*** Data extracts ***
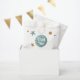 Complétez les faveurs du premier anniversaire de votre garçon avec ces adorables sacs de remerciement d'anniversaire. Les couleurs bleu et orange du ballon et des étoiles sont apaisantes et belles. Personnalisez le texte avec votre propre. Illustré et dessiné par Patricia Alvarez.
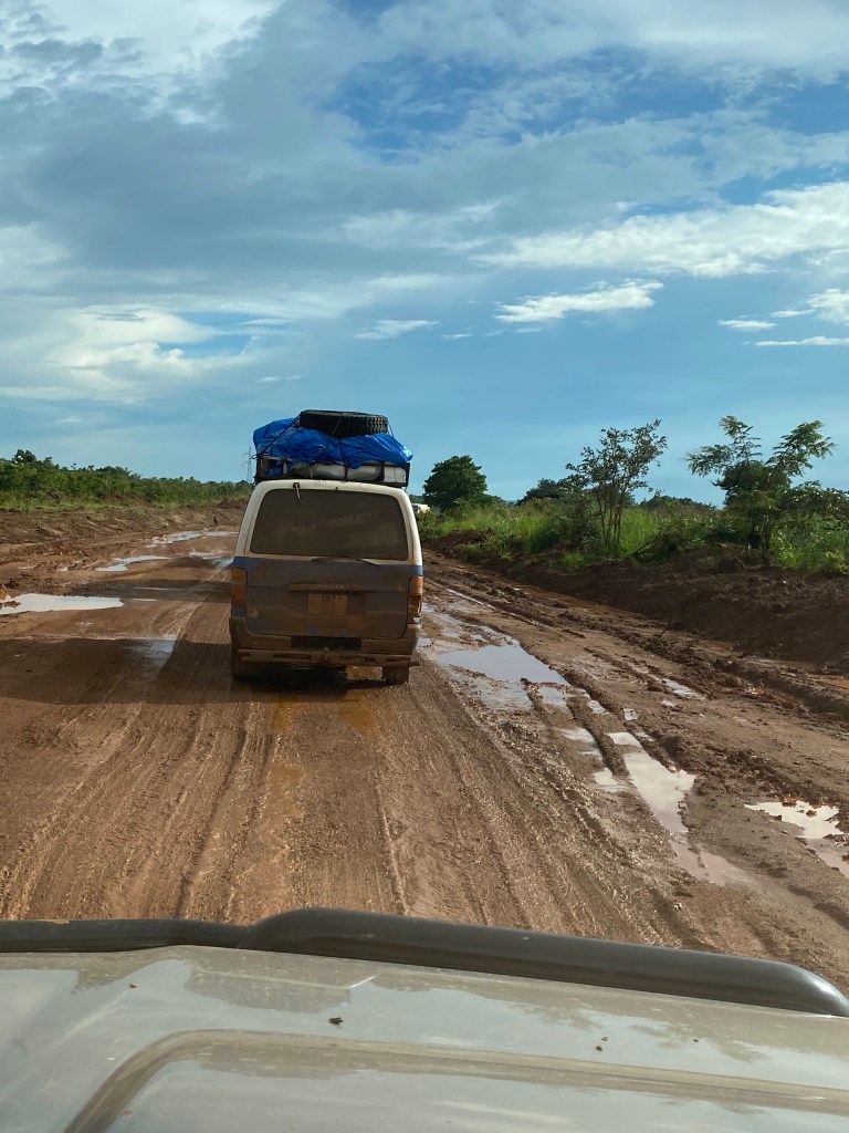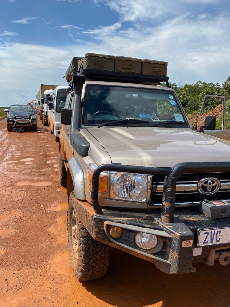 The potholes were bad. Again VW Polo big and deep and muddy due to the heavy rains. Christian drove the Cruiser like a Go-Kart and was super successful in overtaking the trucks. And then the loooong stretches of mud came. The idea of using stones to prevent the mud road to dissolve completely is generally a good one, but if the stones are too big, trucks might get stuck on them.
***
*** Data extracts ***
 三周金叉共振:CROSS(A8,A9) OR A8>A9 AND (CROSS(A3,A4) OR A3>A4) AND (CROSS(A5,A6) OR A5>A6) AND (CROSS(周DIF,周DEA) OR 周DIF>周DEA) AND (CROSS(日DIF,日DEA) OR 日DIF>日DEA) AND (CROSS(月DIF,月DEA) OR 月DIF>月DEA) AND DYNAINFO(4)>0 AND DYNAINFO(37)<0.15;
***
*** Data extracts ***
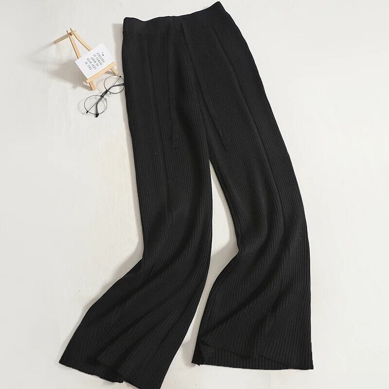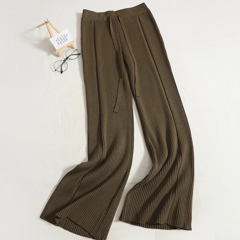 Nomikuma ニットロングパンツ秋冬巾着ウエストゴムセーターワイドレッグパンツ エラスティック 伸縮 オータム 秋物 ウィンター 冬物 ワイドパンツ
***
§ **How to complete this task**
Once the line with "Complétez les faveurs" is found above, print it and every line after it through the line with "The potholes were", exactly. Pictures stay out.

§ **Result for this exercise**
 Complétez les faveurs du premier anniversaire de votre garçon avec ces adorables sacs de remerciement d'anniversaire. Les couleurs bleu et orange du ballon et des étoiles sont apaisantes et belles. Personnalisez le texte avec votre propre. Illustré et dessiné par Patricia Alvarez.
 The potholes were bad. Again VW Polo big and deep and muddy due to the heavy rains. Christian drove the Cruiser like a Go-Kart and was super successful in overtaking the trucks. And then the loooong stretches of mud came. The idea of using stones to prevent the mud road to dissolve completely is generally a good one, but if the stones are too big, trucks might get stuck on them.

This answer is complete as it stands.